Every mathematical operator should have then been overridden like this:


...
    def __mul__(self, rhs):
        try:
            return MutableNumber(self.number * rhs.number)
        except AttributeError:
            return MutableNumber(self.number * rhs)
...

What a pain to type and maintain, though. What if I wanted to add another possibility in the future, or change the operator to not return a new MutableNumber object wrapping the number? There are twenty-two operators I wanted to override (eg. __mul__, __eq__, __div__, __floordiv__…), and I didn’t want to have to type them, even once.

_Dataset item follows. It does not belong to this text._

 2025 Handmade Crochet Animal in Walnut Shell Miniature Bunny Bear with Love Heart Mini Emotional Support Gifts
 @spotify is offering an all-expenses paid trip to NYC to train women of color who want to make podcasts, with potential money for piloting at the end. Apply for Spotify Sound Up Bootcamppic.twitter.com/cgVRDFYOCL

I originally setup a meta-class to delegate every access to a property in the class’s __delegateattributes__ member to self.number. This had some issues:


>>> MutableNumber(2) * 3
6
>>> MutableNumber(2) * MutableNumber(3)
Traceback (most recent call last):
  ...
TypeError: unsupported operand types for *: 'int' and 'MutableNumber'

I had to go a more complex route, rather than just pure delegation. I eventually replaced all the operators with custom instances of an Operator class, which held an operator and a reference to the instance of the class:


class MutableNumber(object):
    __operatormap__ = "__add__", "__div__", "__eq__", "__floordiv__", "__ge__", \
        "__gt__", "__inv__", "__invert__", "__le__", "__lshift__", "__lt__", \
        "__mod__", "__mul__", "__ne__", "__neg__", "__pos__", "__pow__", \
        "__rshift__", "__sub__", "__truediv__"
    class Operator(object):
        def __init__(self, instance, op):
            self.instance = instance
            self.op = op
        def __call__(self, rhs):
            op = getattr(operator, self.op)
            try:
                return op(self.instance.number, rhs.number)
            except AttributeError:
                return op(self.instance.number, rhs)

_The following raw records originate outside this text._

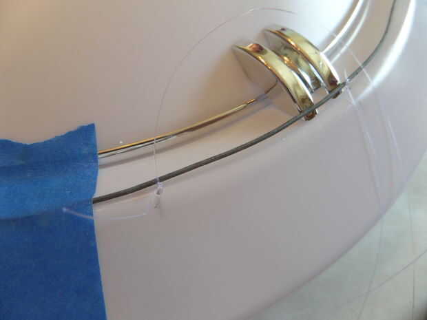 Para mantener la línea de tirar a través, corté un trozo de alambre de imagen tiempo suficiente para ir todo el camino alrededor de la circunferencia del agujero taladro diámetro. Temporalmente el anillo del alambre de la imagen a la parte superior de la pantalla de la cinta y atar un trozo de hilo de pescar en cada agujero. Un doble nudo alrededor de cada pieza.
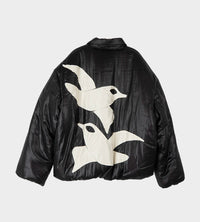 Fully lined oversized cropped puffer jacket in a fluid poly. Featuring a piped hemline and cuffs with seasonal "Bird" motif paneling at back. Wadded with duck down and feathers.
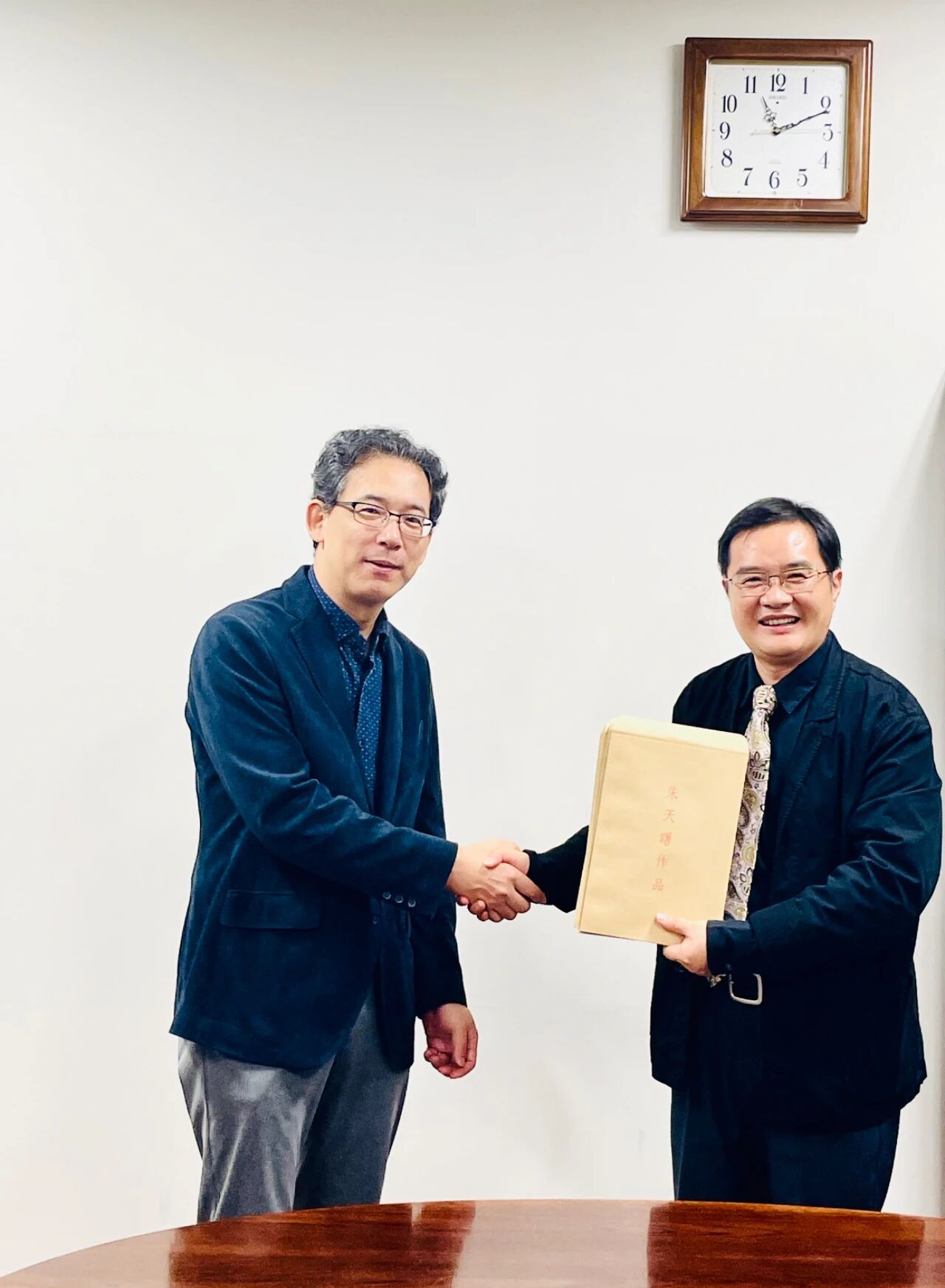 在表彰仪式上,京都大学人文科学研究所所长森木淳生教授对朱天曙教授精心创作书画精品入藏人文研表示感谢。他说,朱天曙教授是著名的书法篆刻家和中国艺术史学者,在中日有着重要的影响。近年来,作为京都大学人文科学研究所共同研究员,参与近代中日哲学与文化艺术的研讨,成果丰硕。京都大学人文研将迎来百年诞辰,首次收藏当代书家作品,朱天曙教授的艺术史研究成果和艺术作品将丰富本研究所的珍藏。朱天曙教授致答谢辞,他说,京都大学人文科学研究所近百年来,在历史、哲学、文学、艺术等方面有重要成果,出现了很多享誉世界的人文学者。感谢人文研多年来的关心和支持,希望能和京大进一步合作,推动中日艺术史研究和艺术创作走向深入。朱天曙教授还向人文研图书馆赠送了《中国书画》2024年第5期刊有京都大学人文研书法史研究专访的杂志。
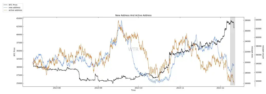 新增和活跃地址均回落至低位水平,当前链上活跃度⼀般。

    def __init__(self, value=None):
        for op in self.__operatormap__:
            setattr(self, op, MutableNumber.Operator(self, op))
        self.number = value

So, we finally reach the part where it gets interesting. What happens? Does this work properly? The code seems good, but it fails to function:


>>> MutableNumber(3) * 2
Traceback (most recent call last):
  ...
TypeError: unsupported operand type(s) for *: 'MutableNumber' and 'int'

Unsupported operand for types? It looks like it’s totally ignoring the fact that the MutableNumber instance has a __mul__ property set. Hm… stranger still:


>>> MutableNumber(3).__mul__(2)
6
>>> MutableNumber(3).__class__.__mul__(2)
Traceback (most recent call last):
  ...
AttributeError: type object 'MutableNumber' has no attribute '__mul__'

Well, it seems that A * B does not call A.__mul__(B). It searches for A.__class__.__mul__, but not A.__mul__. It works fine with an old-style class, but not a new-style class.

It turns out this behaviour has been discovered before. In fact, Jan Decaluwe was trying to do the same thing I am, create an instance object that acts like a mutable number. Alex Martelli wrote:

The idea is that operators should rely on special
methods defined by the TYPE (class) of the object they’re working
on, NOT on special methods defined just by the OBJECT itself and
not by its class. Doing otherwise (as old-style classes did, and
still do for compatibility) is untenable in the general case, for
example whenever you consider a class and its metaclass (given that
the metaclass IS the class object’s type, no more and no less).

Well, too bad. I guess maybe I’ll just backtrack all the way to using accessor methods to make sure the column and row data is both kept constant… or just store one of them.